Small modular Reactors.A recent study by the Pacific Northwest National Laboratory and the Massachusetts Institute of Technology examined the feasibility of SMRs as a source of carbon-free energy in the Pacific Northwest. The study noted the Pacific Northwest’s clean energy goals to be carbon-free by 2045 and examined SMRs as a source of clean energy compared to competing sources of geothermal, wind-plus-storage, and natural gas. The study examined five case studies of two different SMRs at three potential sites. SMRs were seen as a feasible and cost-competitive option for energy production. While not as cheap as geothermal energy, which is produced at $37 per MWh as soon as 2025, the SMRs placed second among the examined sources of energy in the study. The study concluded that NuScale’s SMR could produce energy at an estimated $51 - $54 per MWh and that the GE-Hitachi SMR could produce energy at an estimated $44 - $51 per MWh. Natural gas was priced at $97 per MWh while wind and large-scale storage was the most expensive at an estimated $150 per MWh.

DOE Funds Waste-Reduction Initiative

The DOE announced up to $40 million in funding for a new Advanced Research Projects Agency-Energy (ARPA-E) program. The ARPA-E program seeks to fund research on the issue of reducing the amount of waste produced by advanced nuclear reactors. Nuclear reactors accounted for over 50% of the country’s carbon-free electricity in 2020, but also produced more than 2,000 metric tons of nuclear waste that must be disposed of and stored safely. The funding creates the Optimizing Nuclear Waste and Advanced Reactor Disposal Systems (ONWARDS) program to address these waste issues. The ONWARDS program aims to reduce used nuclear waste tenfold through improvements in fuel recycling and novel processes and applications at the start of the  fuel cycle that prevent the formation of nuclear waste. 

INTERNATIONAL NOTES

American Nuclear Society Urges Cooperation with China

The American Nuclear Society sent a letter to the House Foreign Affairs Committee requesting them to oppose any provisions to H.R. 3524 that would disallow U.S. cooperation with China regarding civil nuclear energy. The ANS urges continued cooperation with China in the field of nuclear civil energy in order to “influence international nuclear safety” and not preclude the “transfer of technology related to SMRs, advanced reactors, and other technologies.” The letter includes a fact sheet stating the harms of preventing such cooperation to U.S. energy production and business, among other disadvantages.

South Korea, U.S. Pledge Cooperation on Nuclear Energy

The United States and South Korea have issued a joint statement that pledges to broaden collaboration in the nuclear energy sector.
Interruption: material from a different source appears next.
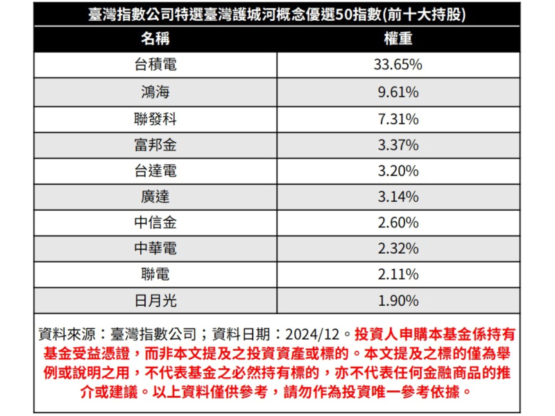 臺灣護城河概念優選50指數,指數以臺灣證券交易所上市普通股為母體,經流動性、產業、市值..等篩選,最終選取50檔作為成分股。而指數特別的是結合產業護城河及企業護城河指標,產業護城河指標是篩選近20季產業毛利率中位數屬前80%高的產業;企業護城河指標是考量經營規模、市值指標,以及投入資本報酬率(ROIC)與加權平均成本(WACC)之差等,簡而言之就是找到趨勢向上的產業,再從中聚焦有競爭優勢的公司。

The countries committed to cooperate in overseas nuclear markets by jointly participating in nuclear power plant projects. Additionally, the countries aim to maintain high standards of international nuclear safety, security, and nonproliferation. This includes coordination in the supply chain for nuclear power and a common policy of requiring recipient countries to have safeguard agreements in place as a condition of supply of nuclear power plants.